General Electric
14 March, 2023Turns out march 2013 was a good time to read a book about how GE was secretly a bank that failed.
- Jack was a womanizer I guess I shouldnt be suprised
- Recap of the disaster
- In the 90s, GE used its AAA credit rating to grow a ginormous financial divison that accounted for 50% of its profits. Some parts were related (airplane, power leasing). Some parts were not. (leveraged buyouts, real estate, insurance). It did not have backup lines of credit but used short term loans that could (and did) dry up.
- 2001 made people realize GE had huge liabilities because it insured both planes and the wtc. (I was familiar with this part)

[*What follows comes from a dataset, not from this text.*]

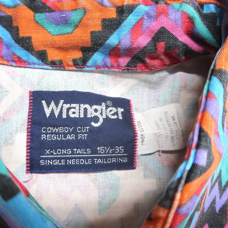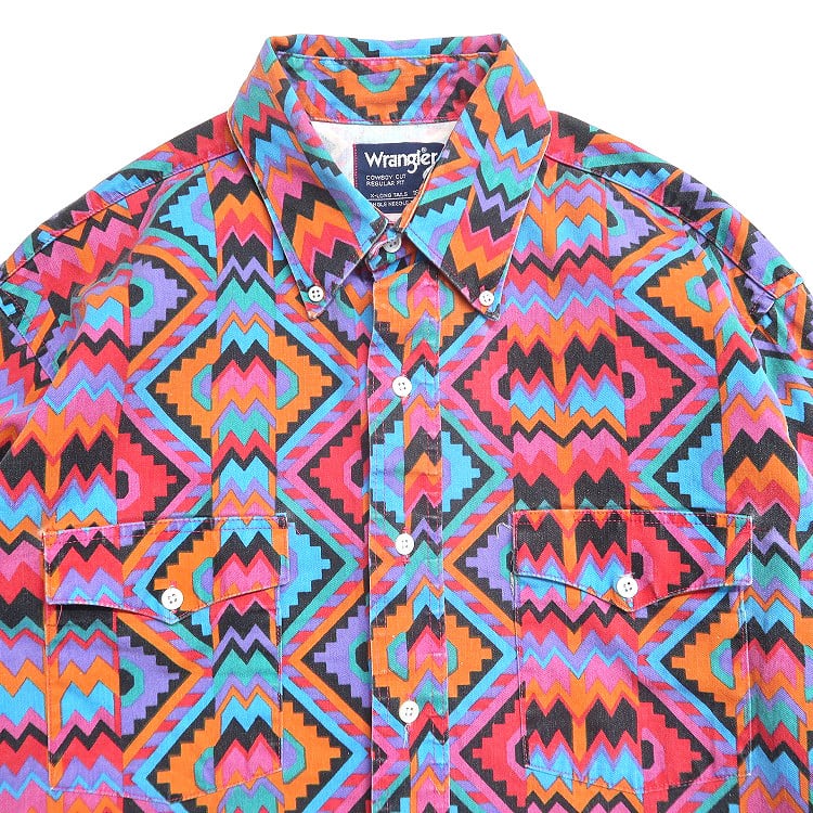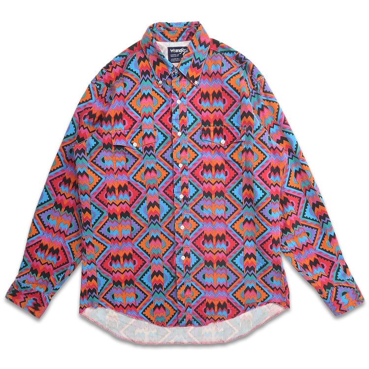 古着 90年代 USA製 ラングラー Wrangler 総柄 ネイティブ柄 ウエスタンシャツ 長袖シャツ 表記:16 1/2-35 gd407119n w50906 | 古着屋SLAT オンラインショップ 【古着通販】|東京 高円寺 レギュラー・ヴィンテージ古着

- 2007-8 GE capital did not divest from real estate (despite some internal advice to do so). It went down hard, maybe almost bankrupt. It’s short term financing went away and credit rating went down. It snuck into bailouts by the skin of its teeth by getting declared structurally important.
- 2018, same time Jeff got ousted at CEO, it got a double whammy. A small LTC insurance business it failed to spinoff posted a 20 BILLION loss because its models sucked. The power business crapped itself (part failed merger, part terrible forcast, par bad management).
- GE is now basically a jet engine business and a seperate power business .
- Though the book is ambivalent about whether Jeff or Jack set up GE to fail it leans more heavily to jeff. But not sure that’s right. Jeff did try and unwind GE capital but kinda of failed to miss the most important parts (real estate and the LTC). It’s not clear what Jack built was ever sustainable. Success has a thousand fathers and failure is an orphan. Jeff is that orphhan.